I suppose it might also be reasonable to put common behavior into the pure virtual function's base class implementation that the derived classes might be expected to modify/enhance/augment.
One use case is calling the pure virtual function from the constructor or the destructor of the class.
The almighty Herb Sutter, former chair of the C++ standard committee, did give 3 scenarios where you might consider providing implementations for pure virtual methods.
Gotta say that personally – I find none of them convincing, and generally consider this to be one of C++'s semantic warts. It seems C++ goes out of its way to build and tear apart abstract-parent vtables, then briefly exposes them only during child construction/destruction, and then the community experts unanimously recommend never to use them.
The only difference of virtual function with body and pure virtual function with body is that existence of second prevent instantiation.
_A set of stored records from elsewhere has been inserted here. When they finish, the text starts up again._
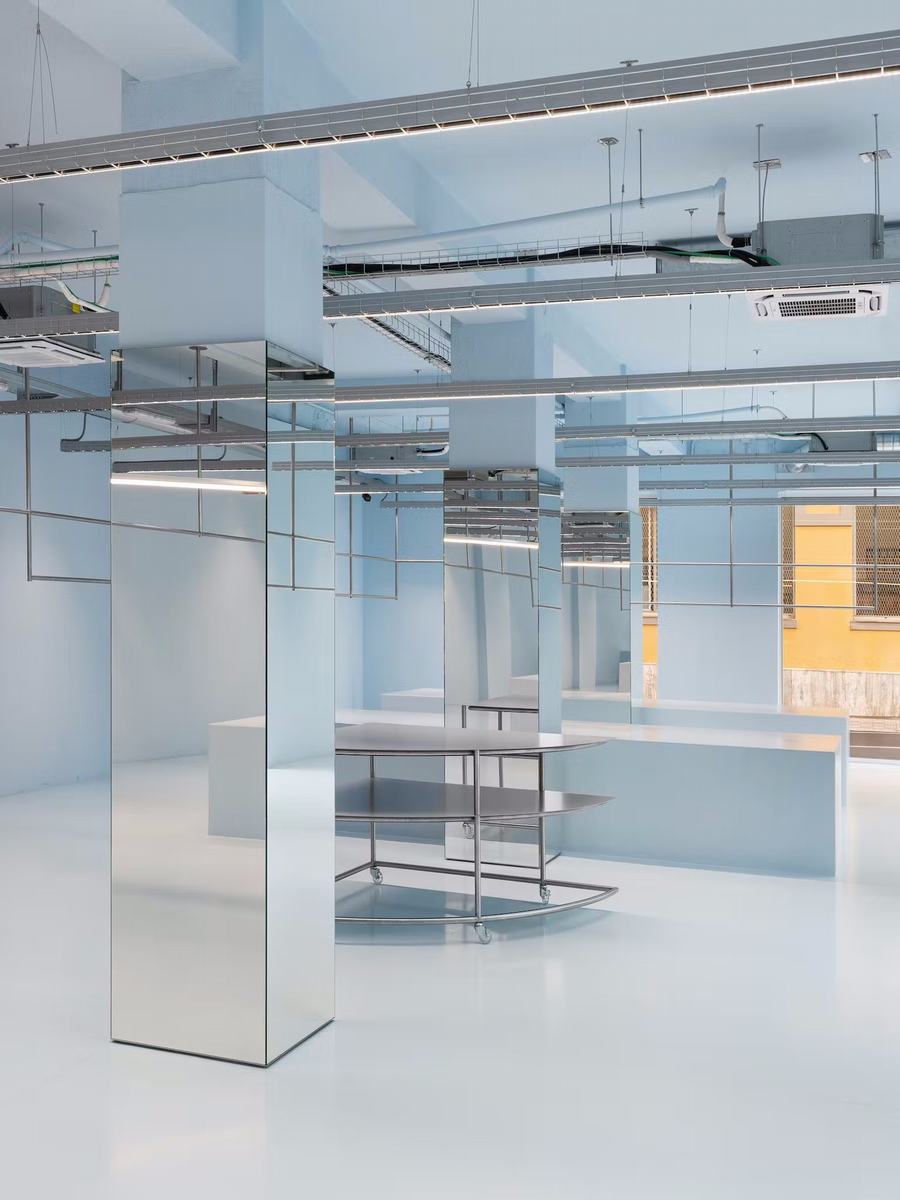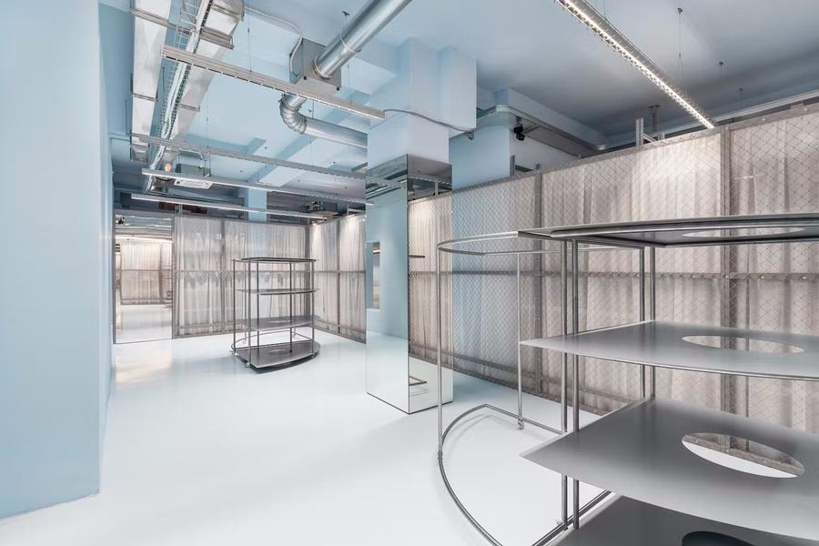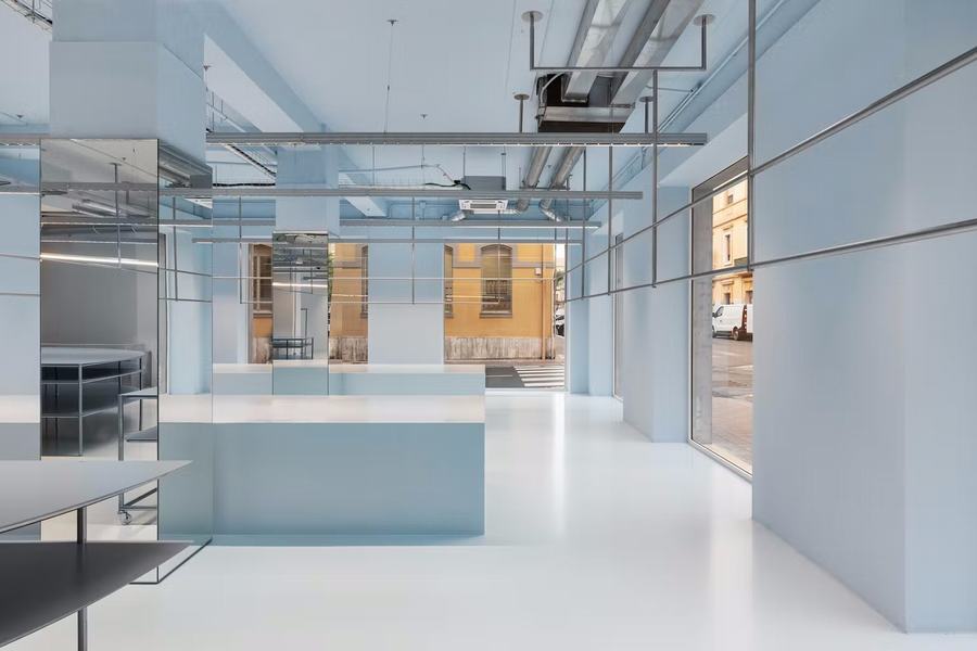 浅蓝色系的极简服装店设计 2023 年 3 月 23 日 该项目采用了浅色天空蓝作为空间的主色调,整个空间干净素雅,冷色调给意大利这座炎热的小镇带去了些许空间的凉爽体验。冷色和光滑的表面,更自然、更有质感。 空间中浅蓝色树脂均匀地覆盖所有表面,让表面摸起来冰冷和光滑。 女装店铺设计店铺设计服装店设计极简服装店设计男装专卖店设计男装店装修 You Might Also Like 香港3 flagship电子产品店设计 2014 年 7 月 17 日 日本的顶级品牌 Snow Peak北京SKP首家 限时快闪店Pop-Up Store 设计 2020 年 9 月 21 日 开在森林里的复古买手店 2019 年 9 月 21 日
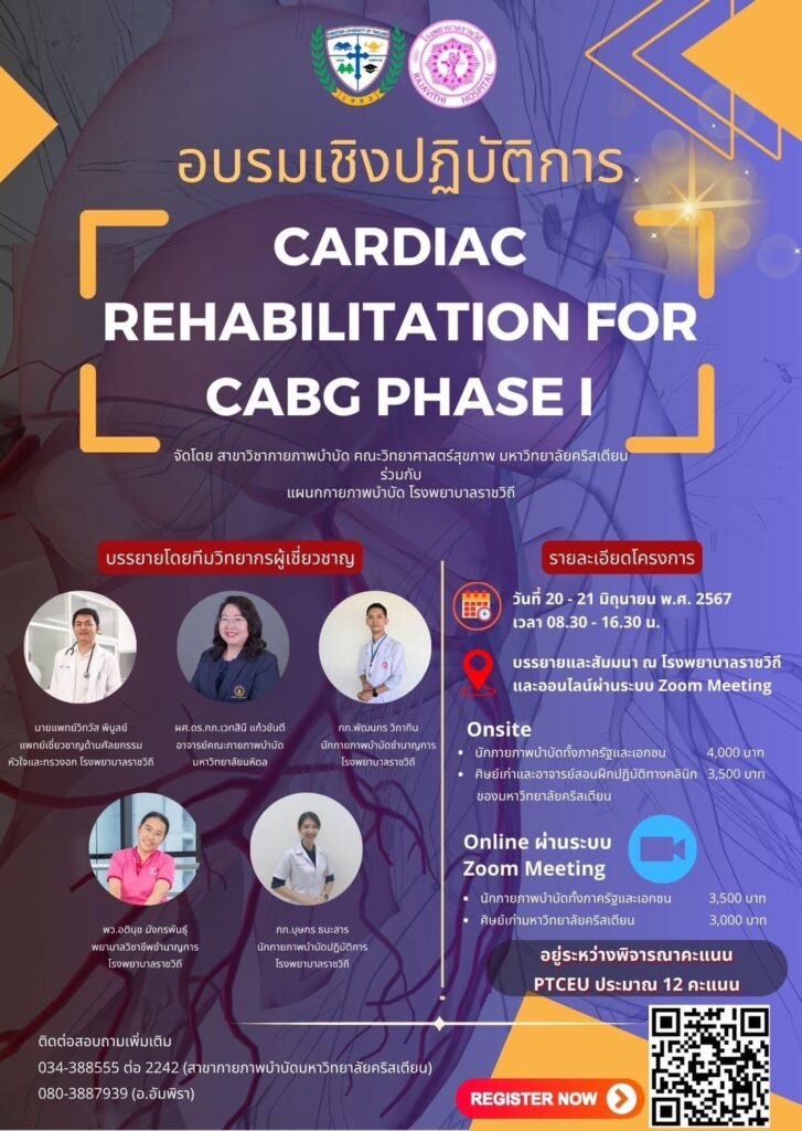โรงพยาบาลราชวิถี ขอเชิญนักกายภาพบำบัด และผู้สนใจร่วมอบรมโครงการ เรื่อง “Cardiac Rehabilitation for CABG phase I” วันที่ 20 – 21 มิถุนายน 2567 เวลา 08.30 – 16.30 น. ณ โรงพยาบาลราชวิถี และออนไลน์ : ถ่ายทอดสดผ่านระบบ Zoom meeting
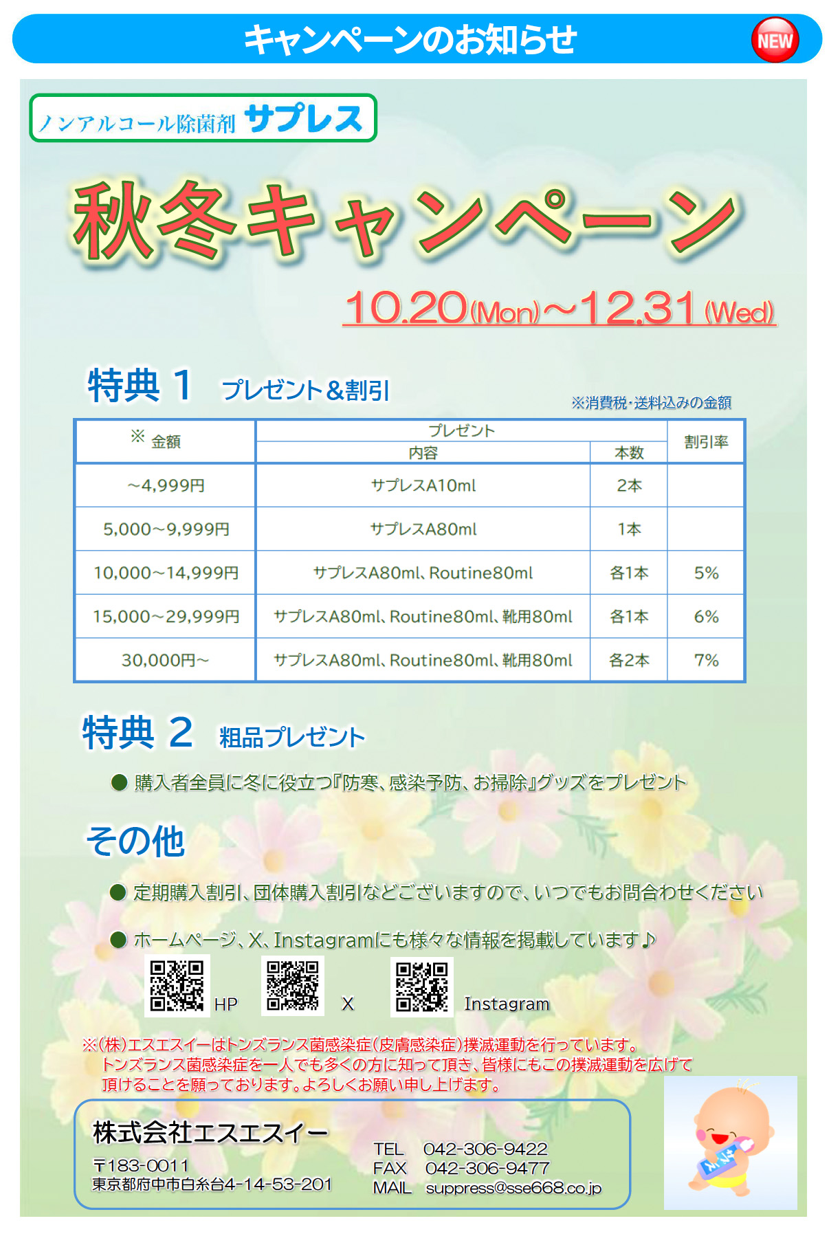 インフルエンザ・ノロウィルスの季節がそこまで来ています。 学校、介護施設、公共施設、もちろん自分たちの対策は万全ですか? さあ!サプレスで感染症にかかる前の早めの対策を! 対策はサプレスA。皆様のお役に立ちますよ。 サプレスは細菌、真菌(カビ菌)、藻類合わせて704菌種に効果。 サプレスは(株)予防医学推進センターでノロウィルス対応試験も実施。 サプレスはノロウィルスにも抜群の効果があると証明されました。 インフルエンザ、ノロウィルス対策には是非効果抜群のサプレスを! ”何事も感染する前の予防が一番大切です” 今すぐお電話を。エスエスイ―は皆様に「安全・安心」をお届けします。 株式会社エスエスイー 電話 042-306-9422 FAX 042-306-9477 お問合せフォームはこちら |
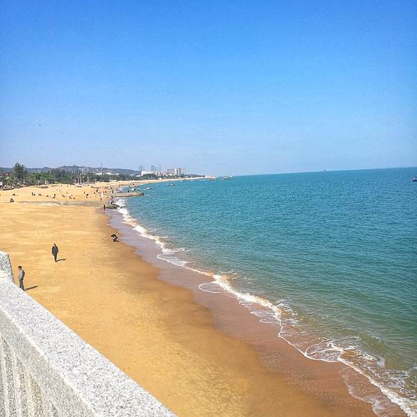 海韵台的海水,在天气好的时候还是值得一看的海韵台的海水,在天气好的时候还是值得一看的。周末沙滩充满了放风筝的人,沙滩赛车的人,溜宠物的人,还有一些海上活动。
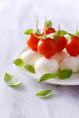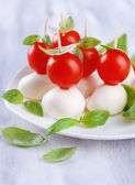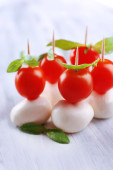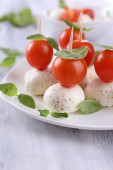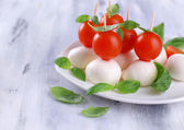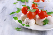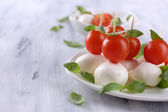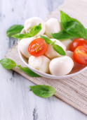 ser smaczny mozzarella z bazylią i pomidory na talerzu, na drewnianym stole

You can't mark class abstract in c++.
This question can really be confusing when learning OOD and C++. Personally, one thing constantly coming in my head was something like:
If I needed a Pure Virtual function to also have an implementation, so why make it "Pure" in first place ? Why not just leaving it only "Virtual" and have derivatives, both benefit and override the base implementation ?
The confusion comes to the fact that many developers consider the no body/implementation as the primary goal/benefit of defining a pure virtual function. This is not true!
The absence of body is in most cases a logical consequence of having a pure virtual function. The main benefit of having a pure virtual function is defining a contract: By defining a pure virtual function, you want to force every derivative to always provide their own implementation of the function. This "contract aspect" is very important especially if you are developing something like a public API. Making the function only virtual is not so sufficient because derivatives are no longer forced to provide their own implementation, therefore you may loose the contract aspect (which can be limiting in the case of a public API).
As commonly said :
"Virtual functions can be overrided, Pure Virtual functions must be overrided."
And in most cases, contracts are abstract concepts so it doesn't make sense for the corresponding pure virtual functions to have any implementation.
But sometimes, and because life is weird, you may want to establish a strong contract among derivatives and also want them to somehow benefit from some default implementation while specifying their own behavior for the contract. Even if most book authors recommend to avoid getting yourself into these situations, the language needed to provide a safety net to prevent the worst! A simple virtual function wouldn't be enough since there might be risk of escaping the contract. So the solution C++ provided was to allow pure virtual functions to also be able to provide a default implementation.
The Sutter article cited above gives interesting use cases of having Pure Virtual functions with body.